LECHUGUITA
16.10.11
12.10.11
26.9.11
20.9.11
22.6.11
1.4.11
5.3.11
get your paint on, week 3

Week 3 was about color and color mixing. The assignment was to reproduce the colors of 4 objects and use them in a painting. It was also about pushing your boundaries, doing stuff you've never tried, so I used flat colors (and discovered they are hard to achieve!) and made a point of using objects as my subject matter, which I never do, but oh well, the objects decided to reunite in a character, what can I do...
13.2.11
if: sweater
get your paint on, week 2
Second assignment was to get inspired by an element of a painting I chose this Jesse Reno painting (or should I say paintings?) and here's what I did:
get your paint on, week 1
Get your paint on is an e-course I'm taking. It is taught by Lisa Congdon and Mati Mcdonough. The first week assignment was to create a painting inspired by the amazing quilters of Gees Bend. Here's what I did:
23.11.10
17.11.10
if: burning
10.11.10
if: afterwards
2.11.10
if: spent
Mexico City sits on a valley and depends on another state for its water supply. Hundreds of thousands of its (20 million) inhabitants suffer from the lack of water. A sad irony, for a city originally built literally on water and that continues to flood every single summer. I don't live there anymore. Still, the too-often-ignored anguish of it came to my mind with the the IF word for this week.

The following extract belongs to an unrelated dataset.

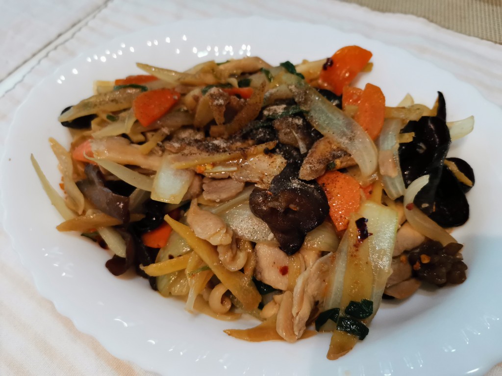 生姜をせん切りにして鶏肉、きくらげ、玉ねぎ等を炒めてオイスターソースで味付けした一品です。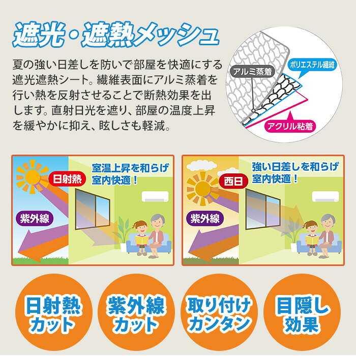 遮光・遮熱メッシュ(両面テープ貼り) 4枚組 90×180cm 断熱シート 遮熱シート 窓シート 夏 日差し 日よけ 節電 省エネ エコ 暑さ対策 猛暑対策 紫外線 UVカット 遮光フィルム 目隠し

And in honor of their well spent lives, here are T's grandparents and mine, in our Dia de los Muertos altar:
The table you see is the new life of the well my parents built in 1990 when we moved from dry Mexico City to crazy-humid Xalapa. (Having to pull the water from a well makes you care about water, maybe that's really where my drawing comes from!)
26.10.10
25.10.10
chopping
20.10.10
if: spooky
Haven't posted in weeks because I was traveling, then moving.
T and I now live here:
Cute little house, isn't it? And just a few yards from the house where I grew up, where my mom lives and where I will have a studio... in my childhood room!
I left this green world when I was 14 and only lived in big cities for the next 12 years. I find the deep darkness of the nights (and the bird's songs and noises at dawn) quite surprising.

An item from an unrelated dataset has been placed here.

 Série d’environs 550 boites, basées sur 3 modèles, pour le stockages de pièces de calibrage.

Still, it feels kind of like home.
6.9.10
if: dessert

Made this on the move, with solid watercolors because it's the only thing you can take on the plane! I am now in Wahington DC.
On our last day in Madison we visited the amazing arboretum and then ate ice-crem at the University, because -of course!- they have their own dairy store! That's Wiscosin for you!

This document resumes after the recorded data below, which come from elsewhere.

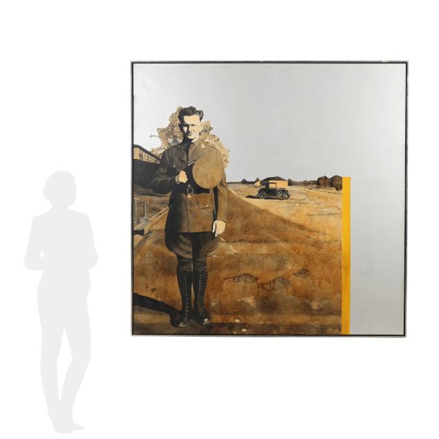 Stretcher size 68 1/2 x 68 1/2 in. Frame dimensions 69 3/4 x 69 3/4 in.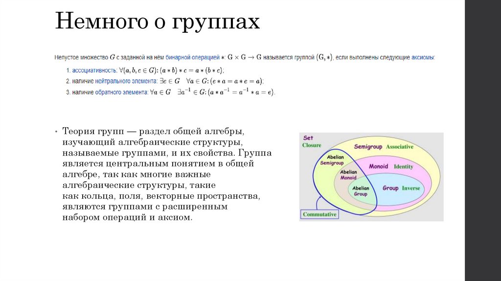 двумя операциями. При этом выполнение аксиом группы очень часто
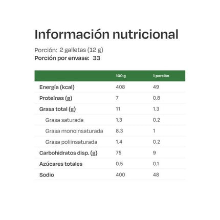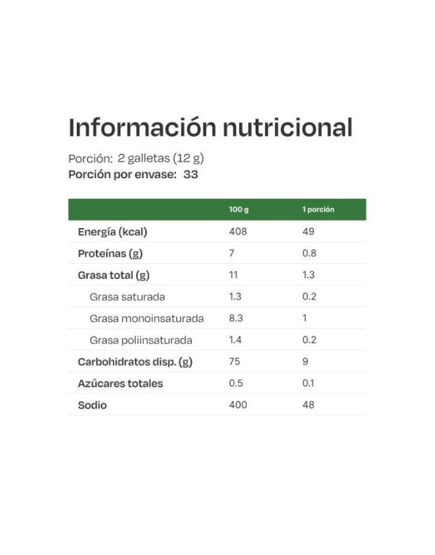 Ingredientes: Harina de trigo, edulcorante (maltitol), aceite vegetal (aceite de girasol alto oleíco), oligofructosa, gasificantes (carbonato ácido de sodio y carbonato ácido de amonio), sal, emulgente (lecitina de soja), aromas, antioxidante (metabisulfito sódico). Puede contener trazas de sésamo y leche.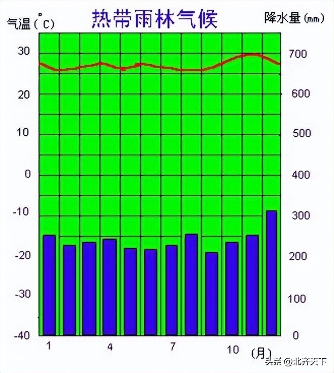 热带雨林气候位于各洲的赤道两侧,向南、北延伸5°~10°左右,如南美洲的亚马孙平原,非洲的刚果盆地和几内亚湾沿岸,亚洲东南部的一些群岛等。这些地区位于赤道低压带,气流以上升运动为主,水汽凝结致雨的机会多,全年多雨,无干季,年降水量在2,000 毫米以上,最少雨月降水量也超过60 毫米,且多雷阵雨;各月平均气温为25°~28℃,全年长夏,无季节变化,年较差一般小于3℃,而平均日较差可达6°~ 12℃。在这种终年高温多雨的气候条件下,植物可以常年生长,树种繁多,植被茂密成层。

We will miss you, Madison!
31.8.10
if: immovable

Acrylics. Part of a color-series I've been working on for months. Each painting has a different color background and represents a different passage of a children's novel I've been working on too.
Colors have forever interested me as a theme. For a year I held a column in a magazine about them. And once I had a grant to write a novel where the cochinillla (the insect that produces red dye) was the main character. Sometimes I think my color book is something I will write when I'm 80 and in the first page I'll write: I have been preparing for this my whole life.
But in the meantime: I would love to know what do you think about this painting.
And also, if colors interest you too, I do recommend this amazing book.
25.8.10
if: atmosphere

I'm back from a beautiful vacation in North Carolina.
Only bad moment was during a hike in the Smokey Mountains when I almost stepped on a rattlesnake.
It was my fault.
(It's generally the human's fault, isn't it?)
I was dreaming (and dreading, but mostly dreaming) of seeing a bear, and looking around instead of at the ground.
When I heard the rattle noise (not that I knew what it was) and turned down, the snake was a foot distance from my foot. And it was a lot bigger than my foot. It was green. I can't really describe it much more because all I saw was its neck, all stiff and it´s open mouth. I froze. Then I jumped. It all happened quickly but it seemed long. My legs trembled for almost the rest of the walk.
Later, when we crossed a ranger and he told us rattlesnakes bites are not necessarily fatal (sometimes you only loose the leg...) I became kind of mystical about the incident. I take it as a metaphor, that I almost lost my leg (or died) because I was wishing for imaginary bears instead of looking at what was on my path, right in front of me. I take it as a suggestion to advance more mindfully.
Later that day I read that Cherokee people, who lived in those mountains, healed rattlesnake bites with plants and roots. And that they would use the exact same remedy on people who'd been bitten than on people who'd only dreamed of being bitten.
Atmosphere, such an external word... But aren't atmospheres made of perception? Aren't dreams full of them?
The day after, a local told me that if a rattlesnake looks you in the eye but does not bite you, it´s good luck. And so I choose to believe him!